[Records from a dataset]

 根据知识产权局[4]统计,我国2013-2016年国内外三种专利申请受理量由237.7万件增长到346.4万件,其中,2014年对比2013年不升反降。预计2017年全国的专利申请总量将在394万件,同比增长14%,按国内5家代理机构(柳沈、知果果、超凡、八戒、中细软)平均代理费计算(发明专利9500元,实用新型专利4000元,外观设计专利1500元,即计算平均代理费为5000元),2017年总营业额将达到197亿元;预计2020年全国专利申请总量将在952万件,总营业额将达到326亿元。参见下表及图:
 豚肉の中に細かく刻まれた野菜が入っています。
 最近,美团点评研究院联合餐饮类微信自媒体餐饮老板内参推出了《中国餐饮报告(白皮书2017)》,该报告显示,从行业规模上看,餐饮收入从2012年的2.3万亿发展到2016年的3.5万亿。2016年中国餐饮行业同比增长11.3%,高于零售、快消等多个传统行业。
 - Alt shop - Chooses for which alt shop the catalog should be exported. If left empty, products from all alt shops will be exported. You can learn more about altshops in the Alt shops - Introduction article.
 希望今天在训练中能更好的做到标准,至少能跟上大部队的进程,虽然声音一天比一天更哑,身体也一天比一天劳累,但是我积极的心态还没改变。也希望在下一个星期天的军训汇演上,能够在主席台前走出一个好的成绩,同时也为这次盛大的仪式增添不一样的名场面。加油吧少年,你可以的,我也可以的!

--

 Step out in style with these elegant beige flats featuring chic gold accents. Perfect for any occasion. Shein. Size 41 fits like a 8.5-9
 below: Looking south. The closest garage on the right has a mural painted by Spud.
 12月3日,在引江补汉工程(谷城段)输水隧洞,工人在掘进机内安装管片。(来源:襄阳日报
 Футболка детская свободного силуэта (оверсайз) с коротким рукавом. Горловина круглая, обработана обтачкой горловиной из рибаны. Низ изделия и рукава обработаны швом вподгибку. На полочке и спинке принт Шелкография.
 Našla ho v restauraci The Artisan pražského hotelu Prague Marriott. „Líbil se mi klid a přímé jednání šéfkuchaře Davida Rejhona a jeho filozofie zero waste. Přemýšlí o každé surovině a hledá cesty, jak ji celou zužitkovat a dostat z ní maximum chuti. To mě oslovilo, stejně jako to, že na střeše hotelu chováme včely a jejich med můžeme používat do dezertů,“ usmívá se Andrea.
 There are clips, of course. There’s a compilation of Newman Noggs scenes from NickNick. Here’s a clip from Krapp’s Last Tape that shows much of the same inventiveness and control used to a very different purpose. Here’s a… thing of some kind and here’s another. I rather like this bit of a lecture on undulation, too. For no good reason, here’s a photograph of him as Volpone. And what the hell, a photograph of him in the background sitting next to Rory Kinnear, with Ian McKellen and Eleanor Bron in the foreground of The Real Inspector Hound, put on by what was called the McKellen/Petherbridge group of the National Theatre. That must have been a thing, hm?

→ **To do**:
Would you retype the lines above from the one with "根据知识产权局[4]统计,我" down to the one with "希望今天在训练中能更好的做到", word for word, both ends included and no other lines?

→ **Expected answer**:
 根据知识产权局[4]统计,我国2013-2016年国内外三种专利申请受理量由237.7万件增长到346.4万件,其中,2014年对比2013年不升反降。预计2017年全国的专利申请总量将在394万件,同比增长14%,按国内5家代理机构(柳沈、知果果、超凡、八戒、中细软)平均代理费计算(发明专利9500元,实用新型专利4000元,外观设计专利1500元,即计算平均代理费为5000元),2017年总营业额将达到197亿元;预计2020年全国专利申请总量将在952万件,总营业额将达到326亿元。参见下表及图:
 豚肉の中に細かく刻まれた野菜が入っています。
 最近,美团点评研究院联合餐饮类微信自媒体餐饮老板内参推出了《中国餐饮报告(白皮书2017)》,该报告显示,从行业规模上看,餐饮收入从2012年的2.3万亿发展到2016年的3.5万亿。2016年中国餐饮行业同比增长11.3%,高于零售、快消等多个传统行业。
 - Alt shop - Chooses for which alt shop the catalog should be exported. If left empty, products from all alt shops will be exported. You can learn more about altshops in the Alt shops - Introduction article.
 希望今天在训练中能更好的做到标准,至少能跟上大部队的进程,虽然声音一天比一天更哑,身体也一天比一天劳累,但是我积极的心态还没改变。也希望在下一个星期天的军训汇演上,能够在主席台前走出一个好的成绩,同时也为这次盛大的仪式增添不一样的名场面。加油吧少年,你可以的,我也可以的!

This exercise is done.